Running Model on 2021 Data
Lets now run our trained model on the 2021 Data to predict the number of wins for each team!!
We have to Change a few columns in the 2021 dataset!
column_names = ["Team", "Conference", "Games Played","Games Won",
"Adjusted Offensive Efficiency", "Adjusted Defensive Efficiency",
"Power Ranking", "Effective Field Goal %","Effective Field Goal % (D)",
"Turnover %", "Turnover % (D)", "Offensive Rebounds", "Defensive Rebounds",
"Free Throw Rate", "Free Throw Rate (D)", "2-PT%", "2-PT% (D)",
"3-PT%", "3-PT (D)", "Adjusted Tempo", "Wins above Bubble", "Seed in Tournament"]
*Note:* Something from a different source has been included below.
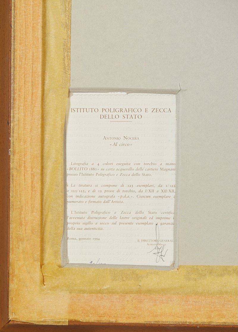 ANTONIO NOCERA (Caivano 1949) "Al circo". Litografia a quattro colori su carta. Cm foglio: 70x100. Opera firmata in basso a destra Nocera. Reca numeri di tiratura in basso a sinistra 20/150. Al retro reca etichetta di autentcità dell'Istituto Poligrafico e Zecca dello Stato, con firma del Direttore Generale Alfredo Maggi.
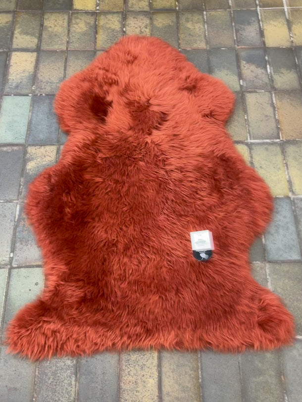 Quality Large sheepskin rug dyed in colour Rust, measuring 90 x 60cm with some stitch marks to the back of the skin which will not effect the quality or grading of this Rust coloured sheepskin rug.

data_2021 = pd.read_csv("cbb21.csv", header = None, names = column_names, skiprows = 1)
data_2021
Output:
| Team | Conference | Games Played | Games Won | Adjusted Offensive Efficiency | Adjusted Defensive Efficiency | Power Ranking | Effective Field Goal % | Effective Field Goal % (D) | Turnover % | … | Defensive Rebounds | Free Throw Rate | Free Throw Rate (D) | 2-PT% | 2-PT% (D) | 3-PT% | 3-PT (D) | Adjusted Tempo | Wins above Bubble | Seed in Tournament | |
|---|---|---|---|---|---|---|---|---|---|---|---|---|---|---|---|---|---|---|---|---|---|
| 0 | Michigan | B10 | 24 | 20 | 118.1 | 91.1 | 0.9521 | 54.9 | 44.9 | 16.3 | … | 24.8 | 28.9 | 24.5 | 53.3 | 42.3 | 38.7 | 33.5 | 66.9 | 7.2 | 1.0 |
| 1 | Baylor | B12 | 24 | 22 | 123.2 | 94.5 | 0.9548 | 57.5 | 49.1 | 17.6 | … | 30.9 | 27.0 | 31.7 | 54.1 | 48.1 | 41.8 | 34.0 | 68.8 | 6.6 | 1.0 |
| 2 | Illinois | B10 | 29 | 23 | 117.7 | 90.4 | 0.9539 | 55.6 | 46.6 | 18.2 | … | 22.2 | 39.2 | 30.5 | 55.3 | 45.4 | 37.6 | 32.7 | 70.7 | 8.9 | 1.0 |
| 3 | Gonzaga | WCC | 26 | 26 | 125.4 | 89.8 | 0.9791 | 61.0 | 47.5 | 16.1 | … | 23.4 | 36.7 | 25.9 | 64.0 | 46.8 | 36.5 | 32.5 | 74.6 | 8.5 | 1.0 |
| 4 | Iowa | B10 | 29 | 21 | 123.5 | 95.7 | 0.9491 | 54.6 | 48.3 | 13.3 | … | 28.6 | 32.0 | 22.6 | 52.4 | 45.8 | 38.6 | 34.8 | 70.0 | 5.6 | 2.0 |
Now we can Clean and Adjust the data!
# Drop teams that didn't make the tournament
data_2021 = data_2021.dropna()
#Grab Team names
team_names = data_2021.get("Team")
# Lets drop the Columns like we did above to the dataset
data_2021 = data_2021.drop(columns = ["Team","Conference","Games Played","Games Won"])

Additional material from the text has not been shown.